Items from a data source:
━━━━━━━━━━━━━━━━━━━━

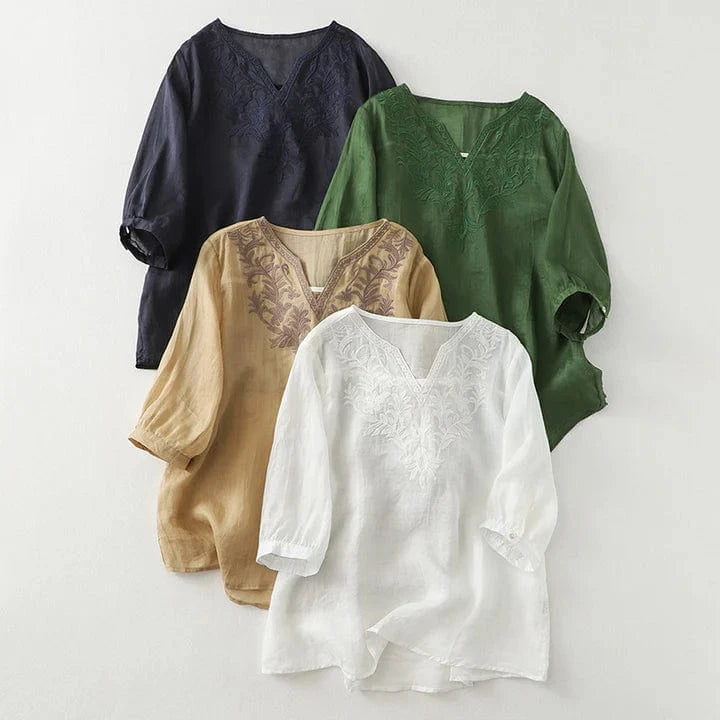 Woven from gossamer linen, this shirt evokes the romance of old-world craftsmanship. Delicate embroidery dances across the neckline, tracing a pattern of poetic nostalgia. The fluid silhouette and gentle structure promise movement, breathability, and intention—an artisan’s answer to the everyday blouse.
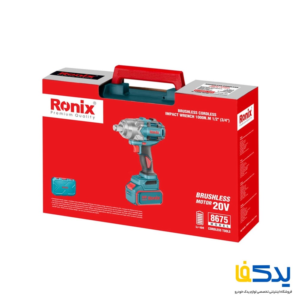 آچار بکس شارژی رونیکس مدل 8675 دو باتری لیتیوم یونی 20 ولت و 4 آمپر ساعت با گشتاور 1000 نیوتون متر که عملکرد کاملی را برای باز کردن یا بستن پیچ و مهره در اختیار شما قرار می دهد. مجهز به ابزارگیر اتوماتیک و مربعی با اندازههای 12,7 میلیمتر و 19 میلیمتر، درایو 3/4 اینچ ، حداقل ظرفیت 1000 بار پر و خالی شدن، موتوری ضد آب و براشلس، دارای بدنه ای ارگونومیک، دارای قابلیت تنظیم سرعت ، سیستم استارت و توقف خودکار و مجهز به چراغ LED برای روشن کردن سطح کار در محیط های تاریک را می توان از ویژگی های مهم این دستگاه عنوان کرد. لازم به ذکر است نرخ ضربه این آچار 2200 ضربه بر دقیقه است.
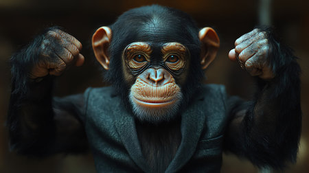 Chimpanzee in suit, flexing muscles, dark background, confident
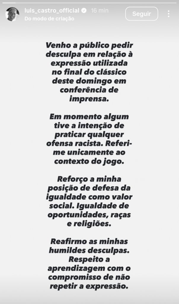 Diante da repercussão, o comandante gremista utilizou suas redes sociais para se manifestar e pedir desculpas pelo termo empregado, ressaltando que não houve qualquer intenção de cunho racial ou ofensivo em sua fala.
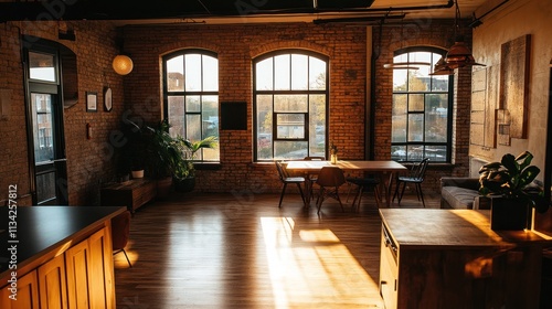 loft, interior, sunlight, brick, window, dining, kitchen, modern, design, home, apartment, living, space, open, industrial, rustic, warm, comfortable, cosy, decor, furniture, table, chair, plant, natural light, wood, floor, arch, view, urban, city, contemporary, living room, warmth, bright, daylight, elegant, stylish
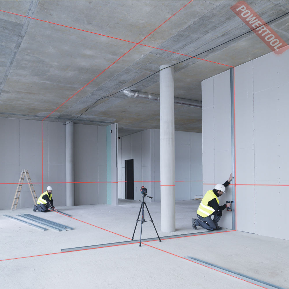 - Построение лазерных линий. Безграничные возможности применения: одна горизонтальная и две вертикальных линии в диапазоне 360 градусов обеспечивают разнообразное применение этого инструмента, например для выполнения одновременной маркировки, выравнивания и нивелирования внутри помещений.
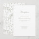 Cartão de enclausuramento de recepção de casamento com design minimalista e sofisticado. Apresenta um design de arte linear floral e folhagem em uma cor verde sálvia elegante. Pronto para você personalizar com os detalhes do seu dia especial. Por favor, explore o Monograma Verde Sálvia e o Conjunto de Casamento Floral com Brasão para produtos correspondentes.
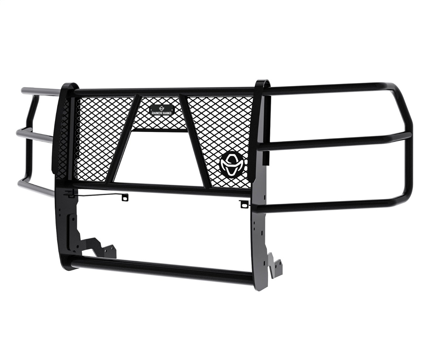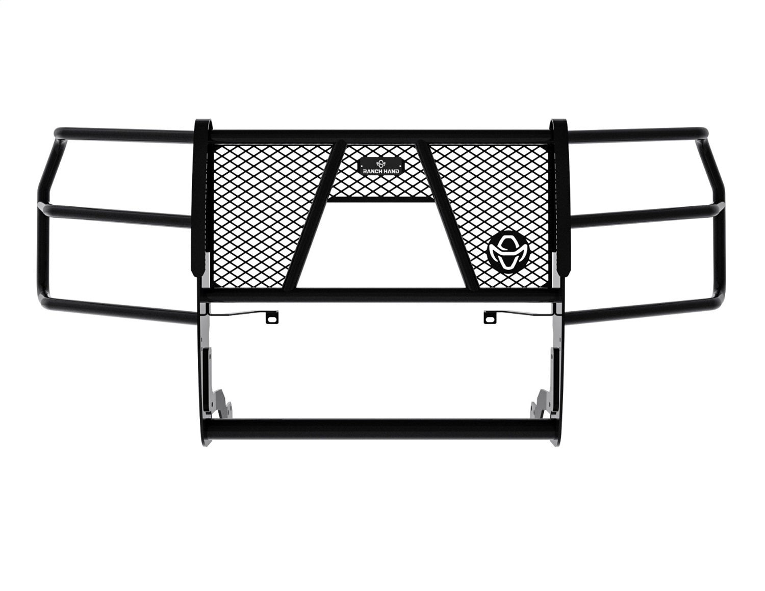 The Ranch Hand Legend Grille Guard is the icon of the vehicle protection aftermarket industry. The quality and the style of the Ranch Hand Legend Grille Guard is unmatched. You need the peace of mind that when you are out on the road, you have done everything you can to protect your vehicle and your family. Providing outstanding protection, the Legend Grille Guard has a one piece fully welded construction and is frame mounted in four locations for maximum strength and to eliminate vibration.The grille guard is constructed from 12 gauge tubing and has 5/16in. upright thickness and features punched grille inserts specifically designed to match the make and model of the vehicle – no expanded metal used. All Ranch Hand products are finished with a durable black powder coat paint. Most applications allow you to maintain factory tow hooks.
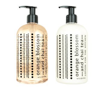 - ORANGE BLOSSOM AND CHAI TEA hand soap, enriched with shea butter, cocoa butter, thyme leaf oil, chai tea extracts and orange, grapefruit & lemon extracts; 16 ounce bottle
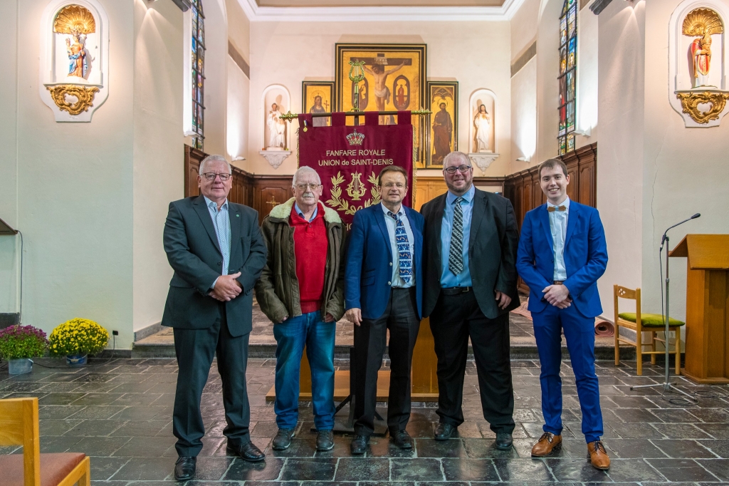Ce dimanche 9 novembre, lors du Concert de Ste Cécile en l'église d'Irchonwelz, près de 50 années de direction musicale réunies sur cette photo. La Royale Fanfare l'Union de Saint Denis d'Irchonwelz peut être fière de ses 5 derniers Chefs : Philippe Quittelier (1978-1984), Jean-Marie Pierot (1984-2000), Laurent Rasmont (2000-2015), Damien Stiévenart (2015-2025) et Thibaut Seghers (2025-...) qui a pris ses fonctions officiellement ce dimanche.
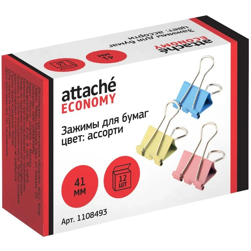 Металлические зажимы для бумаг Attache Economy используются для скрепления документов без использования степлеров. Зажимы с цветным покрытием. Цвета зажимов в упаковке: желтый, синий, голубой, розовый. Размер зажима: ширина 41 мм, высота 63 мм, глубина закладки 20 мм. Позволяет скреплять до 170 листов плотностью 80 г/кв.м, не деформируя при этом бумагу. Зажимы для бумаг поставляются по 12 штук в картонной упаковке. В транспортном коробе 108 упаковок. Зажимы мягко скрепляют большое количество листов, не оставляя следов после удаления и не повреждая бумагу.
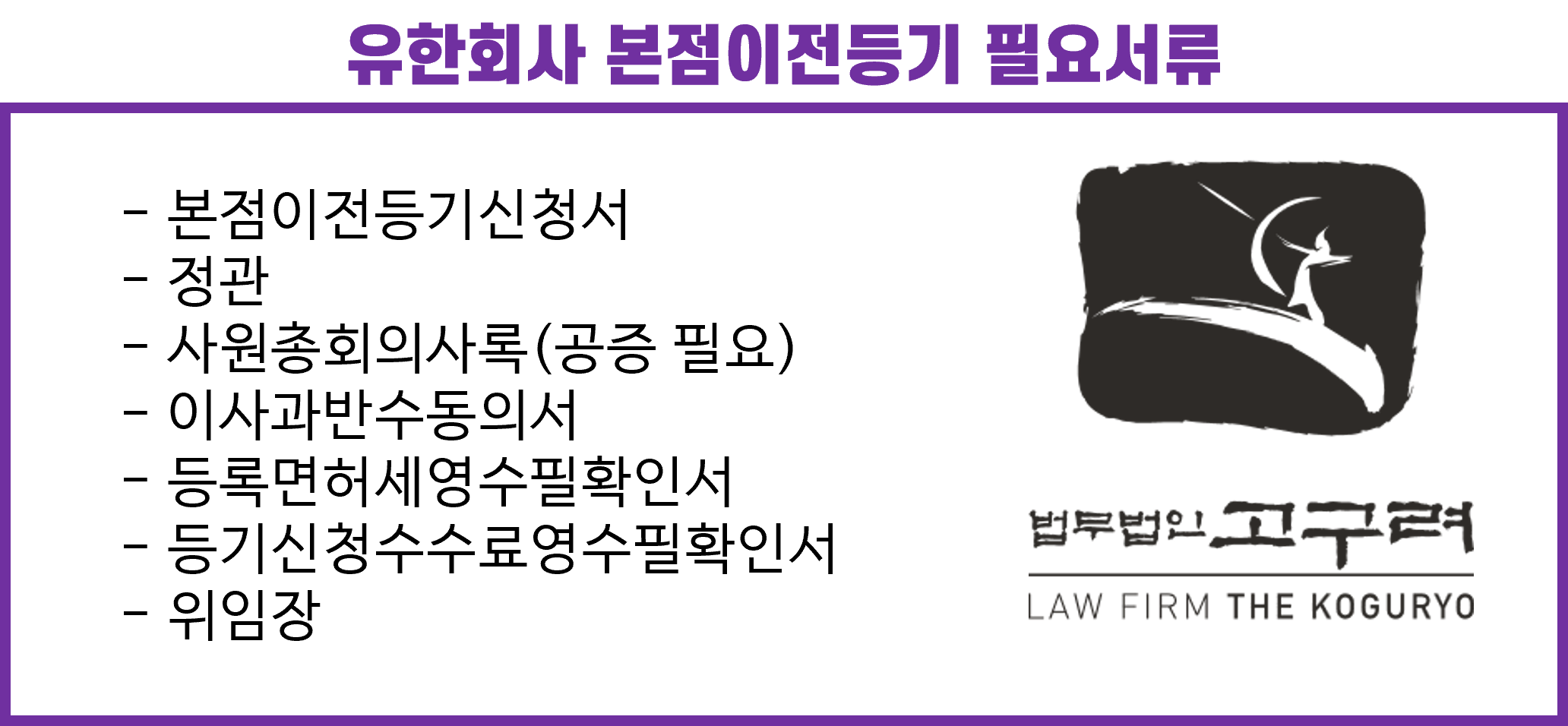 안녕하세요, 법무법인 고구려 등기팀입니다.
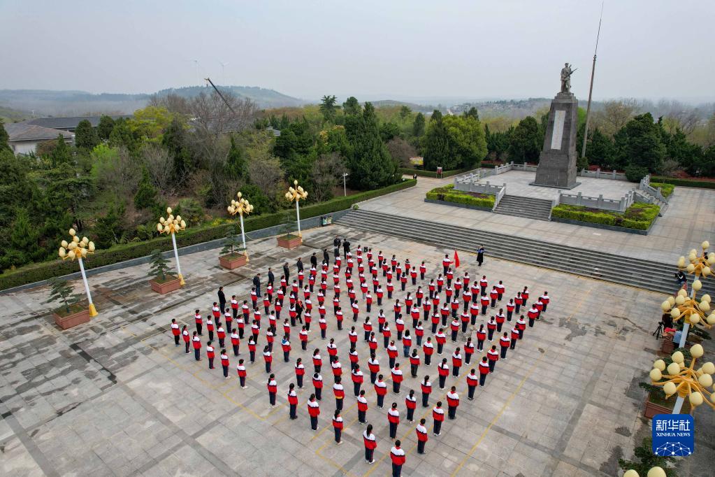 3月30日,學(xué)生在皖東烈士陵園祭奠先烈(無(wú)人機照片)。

━━━━━━━━━━━━━━━━━━━━

Without including the pictures, return each record above exactly as it stands.

 Woven from gossamer linen, this shirt evokes the romance of old-world craftsmanship. Delicate embroidery dances across the neckline, tracing a pattern of poetic nostalgia. The fluid silhouette and gentle structure promise movement, breathability, and intention—an artisan’s answer to the everyday blouse.
 آچار بکس شارژی رونیکس مدل 8675 دو باتری لیتیوم یونی 20 ولت و 4 آمپر ساعت با گشتاور 1000 نیوتون متر که عملکرد کاملی را برای باز کردن یا بستن پیچ و مهره در اختیار شما قرار می دهد. مجهز به ابزارگیر اتوماتیک و مربعی با اندازههای 12,7 میلیمتر و 19 میلیمتر، درایو 3/4 اینچ ، حداقل ظرفیت 1000 بار پر و خالی شدن، موتوری ضد آب و براشلس، دارای بدنه ای ارگونومیک، دارای قابلیت تنظیم سرعت ، سیستم استارت و توقف خودکار و مجهز به چراغ LED برای روشن کردن سطح کار در محیط های تاریک را می توان از ویژگی های مهم این دستگاه عنوان کرد. لازم به ذکر است نرخ ضربه این آچار 2200 ضربه بر دقیقه است.
 Chimpanzee in suit, flexing muscles, dark background, confident
 Diante da repercussão, o comandante gremista utilizou suas redes sociais para se manifestar e pedir desculpas pelo termo empregado, ressaltando que não houve qualquer intenção de cunho racial ou ofensivo em sua fala.
 loft, interior, sunlight, brick, window, dining, kitchen, modern, design, home, apartment, living, space, open, industrial, rustic, warm, comfortable, cosy, decor, furniture, table, chair, plant, natural light, wood, floor, arch, view, urban, city, contemporary, living room, warmth, bright, daylight, elegant, stylish
 - Построение лазерных линий. Безграничные возможности применения: одна горизонтальная и две вертикальных линии в диапазоне 360 градусов обеспечивают разнообразное применение этого инструмента, например для выполнения одновременной маркировки, выравнивания и нивелирования внутри помещений.
 Cartão de enclausuramento de recepção de casamento com design minimalista e sofisticado. Apresenta um design de arte linear floral e folhagem em uma cor verde sálvia elegante. Pronto para você personalizar com os detalhes do seu dia especial. Por favor, explore o Monograma Verde Sálvia e o Conjunto de Casamento Floral com Brasão para produtos correspondentes.
 The Ranch Hand Legend Grille Guard is the icon of the vehicle protection aftermarket industry. The quality and the style of the Ranch Hand Legend Grille Guard is unmatched. You need the peace of mind that when you are out on the road, you have done everything you can to protect your vehicle and your family. Providing outstanding protection, the Legend Grille Guard has a one piece fully welded construction and is frame mounted in four locations for maximum strength and to eliminate vibration.The grille guard is constructed from 12 gauge tubing and has 5/16in. upright thickness and features punched grille inserts specifically designed to match the make and model of the vehicle – no expanded metal used. All Ranch Hand products are finished with a durable black powder coat paint. Most applications allow you to maintain factory tow hooks.
 - ORANGE BLOSSOM AND CHAI TEA hand soap, enriched with shea butter, cocoa butter, thyme leaf oil, chai tea extracts and orange, grapefruit & lemon extracts; 16 ounce bottle
Ce dimanche 9 novembre, lors du Concert de Ste Cécile en l'église d'Irchonwelz, près de 50 années de direction musicale réunies sur cette photo. La Royale Fanfare l'Union de Saint Denis d'Irchonwelz peut être fière de ses 5 derniers Chefs : Philippe Quittelier (1978-1984), Jean-Marie Pierot (1984-2000), Laurent Rasmont (2000-2015), Damien Stiévenart (2015-2025) et Thibaut Seghers (2025-...) qui a pris ses fonctions officiellement ce dimanche.
 Металлические зажимы для бумаг Attache Economy используются для скрепления документов без использования степлеров. Зажимы с цветным покрытием. Цвета зажимов в упаковке: желтый, синий, голубой, розовый. Размер зажима: ширина 41 мм, высота 63 мм, глубина закладки 20 мм. Позволяет скреплять до 170 листов плотностью 80 г/кв.м, не деформируя при этом бумагу. Зажимы для бумаг поставляются по 12 штук в картонной упаковке. В транспортном коробе 108 упаковок. Зажимы мягко скрепляют большое количество листов, не оставляя следов после удаления и не повреждая бумагу.
 안녕하세요, 법무법인 고구려 등기팀입니다.
 3月30日,學(xué)生在皖東烈士陵園祭奠先烈(無(wú)人機照片)。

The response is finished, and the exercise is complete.